Высокий белый потолок, пепельного цвета стены, большое окно, наполовину прикрытое римской шторой. Пальма в узорчатом глиняном горшке. В центре овальный стол, компьютер, кресло для посетителей, у стены внушительный кожаный диван. Ниточкин замер в восхищении.
– А это керамогранит, – владелец «Дантона» топнул ногой, привлекая внимание покупателя к полу. – Испания!
– Мне нравится, – признался Ниточкин.
– Кто бы сомневался. Офис – это лицо компании. Я никогда не экономил на интерьере.
Размашистым шагом он подошел к двери с надписью «Служебное помещение», которую Ниточкин не сразу заметил и толкнул ее рукой.
Такого же
– Вот здесь собственно все и совершается, – сообщил хозяин «Дантона».
– Что совершатся? – спросил Ниточкин, не отводя взгляда от странного предмета мебели.
– Отсечение голов, – гордо ответил владелец.
– Голов? – встрепенулся Ниточкин. – Каких голов?

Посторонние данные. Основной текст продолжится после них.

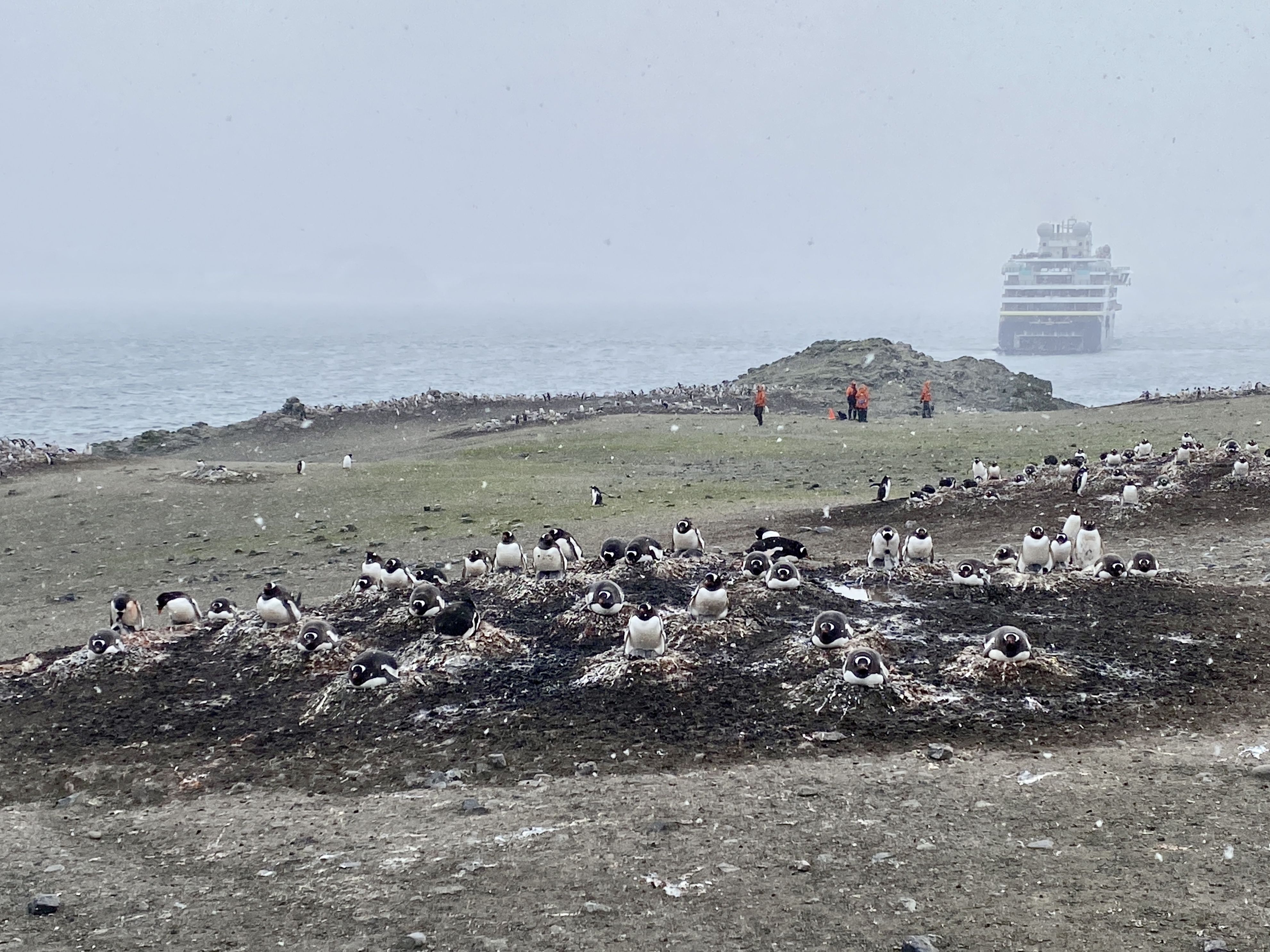 This day was like a cherry on the top of a cake for the entire expedition. In the morning, our ship approached Deception Island, which has one of two active volcanoes in Antarctica. In fact, the entire island represents leftovers of a gigantic volcano that violently erupted about 10,000 years ago creating an underwater caldera (a blast hole) in the central part of the volcano. So, the island represents a rim of land around the caldera bay and resembles a horseshoe in outline. We had to land outside of the caldera bay on the tops of large swale waves. Thousands and thousands of busy chinstrap penguins greeted us both during our approach to the landing and on land, where dramatic wind-carved sculptures sat on an impressive cliff made of countless volcanic ash layers. We hiked for about 1.5 kilometers maneuvering among nesting sites of penguins. Around 50,000 chinstrap penguins nest in this area. Many curious penguins came directly to our feet and had their portraits recorded on numerous cameras. Chicks were still very young and had gray baby plumage. From time to time, we saw brown skuas and giant petrels among penguin colonies. These birds of prey were looking for lunch. Geology of the site was as impressive as the bird life. Despite the island’s short geological history (this volcano and the island appeared only 1.5 million years ago), we saw plenty of evidence of geological events. An Ice Age glacier completely buried the island under a thick layer of ice and as it moved, it bulldozed volcanic deposits leaving very smooth hills behind and depositing new hills of morainic material. After the thick continental glacier melted, small valley glaciers kept doing their job of “eating” mountain slopes and creating cliffs along the directions of their movement. New eruptions covered the results of the glaciers’ work with new layers of volcanic ashes sprinkled with volcanic debris. The wind helped create this dramatic landscape, blowing black sand and dust around and depositing black dunes. Finally, penguin activity created a dense network of eroded trails that over thousands of years added their own contribution to the landscape relief. After everyone was back aboard, the captain sailed our ship into the caldera bay. Over there, we could see remains of a whaling station from the beginning of the 20th century and remains of scientific stations abandoned after the eruption of 1970. Along the shoreline, we could see areas with steam coming up, indicating that the volcano is just having a nap but not yet sleeping. The rest of the day National Geographic Resolution was set on crossing the Drake as this was our last day in Antarctica. Goodbye, land of the sparkling ice! After dinner, guests enjoyed a crew show that featured many talented singers, musicians, and magicians.

И тут до него дошло, что сияющая под потолком косая полоса, венчающая спинку небывалого стула – это не что иное как огромное лезвие, наверное, очень тяжелое и, наверное, очень острое.
– Обычных голов, – любовник подружки взошел на постамент и, как учитель на уроке, начал объяснять: – Вот рычаг – его опускаешь и все. Голова попадает вот в эту корзинку. Главная фишка – никаких сопутствующих расходов – ни электричества, ни газа, ни бензина, ни керосина, ни солярки, ни дров. Даже не надо тратиться на обучение персонала. Чистые деньги!

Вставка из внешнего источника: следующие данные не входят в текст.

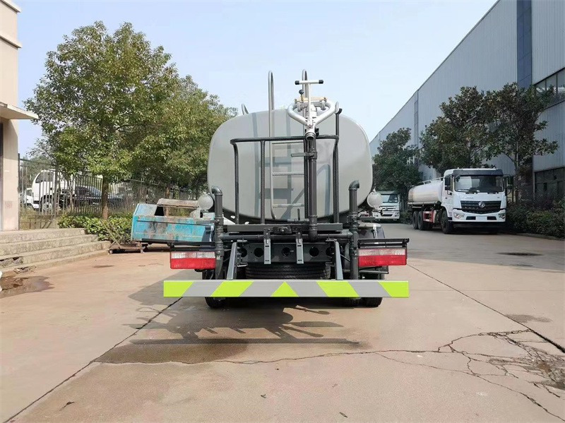 東風多利卡5噸灑水車產品標配前噴 (鴨嘴) 、后沖、后灑、側噴、后置式工作 平臺,平臺上配置綠化水炮 (可 360°旋轉,既可以調成柱狀,也可 以調成霧狀,更可以調成直沖狀、大雨、中雨、小雨、毛毛雨) ,配 備優質大功率專用灑水泵(可自吸自排,可從河里或池塘抽水到罐體), 取力器,雜物過濾網,消防接口, 自流球閥系統、取力器、球閥、濾網 均為國家標準產品,主管道加粗,法蘭墊、法蘭盤加厚,大通徑球閥。 整體具備性能優良安全可靠、效率高、流量大、維修方便等特點。

Он довольно улыбался, а Ниточкин все никак не мог сообразить:
– А… а… я не понял… как же это – отсекать головы?
– Да элементарно же! – Начавший уже спускаться с постамента, Данила Антонович вернулся назад к «стулу». – Вот рычаг. Видите? Опускаете его и все – голова с плеч.

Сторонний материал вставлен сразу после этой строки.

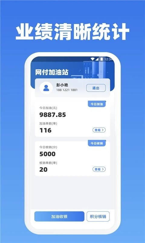 网付油站app,油站经营者必备的移动办公平台,支持加油收款、业绩统计分析、积分核销、会员管理等多种功能,随时查看加油订单,提高工作效率。

– У кого с плеч? У человека? – Ниточкин опять заговорил фальцетом.
Даниил Антонович задумался:
– Ну… наверное, можно и не человеку… Но я с такими случаями не сталкивался. Не знаю, есть ли смысл… Хотя… хозяин – барин.
Он спустился с постамента, почти вплотную подошел к Ниточкину, заглянул ему в глаза и улыбнулся, показав бесконечный ряд своих невероятных зубов:
– Ну как? Будем оформлять сделку?
Ниточкин испугался:
– Вы предлагаете мне купить у вас бизнес и стать палачом?
Брови владельца Дантона поползли вверх.
– Простите, я не понял, вы о чем?
– Отсечение голов – это же казнь!
– Это бизнес! – возразил Даниил Антонович. – Специальные услуги. Людям надо отсечь голову – мы делаем это за деньги. Рынок! Не могу понять, что вас смущает?
– У нас на смертную казнь мораторий, – вспомнил Ниточкин.
– Ну!?
– Как же может быть такой бизнес?
В голосе Даниила Антоновича появились признаки раздражения:
– Вы это нарочно? Может, еще договор по противоракетной обороне вспомним. Объясните, причем здесь мораторий? У нас что, мораторий на бизнес? Не могу понять ваших претензий.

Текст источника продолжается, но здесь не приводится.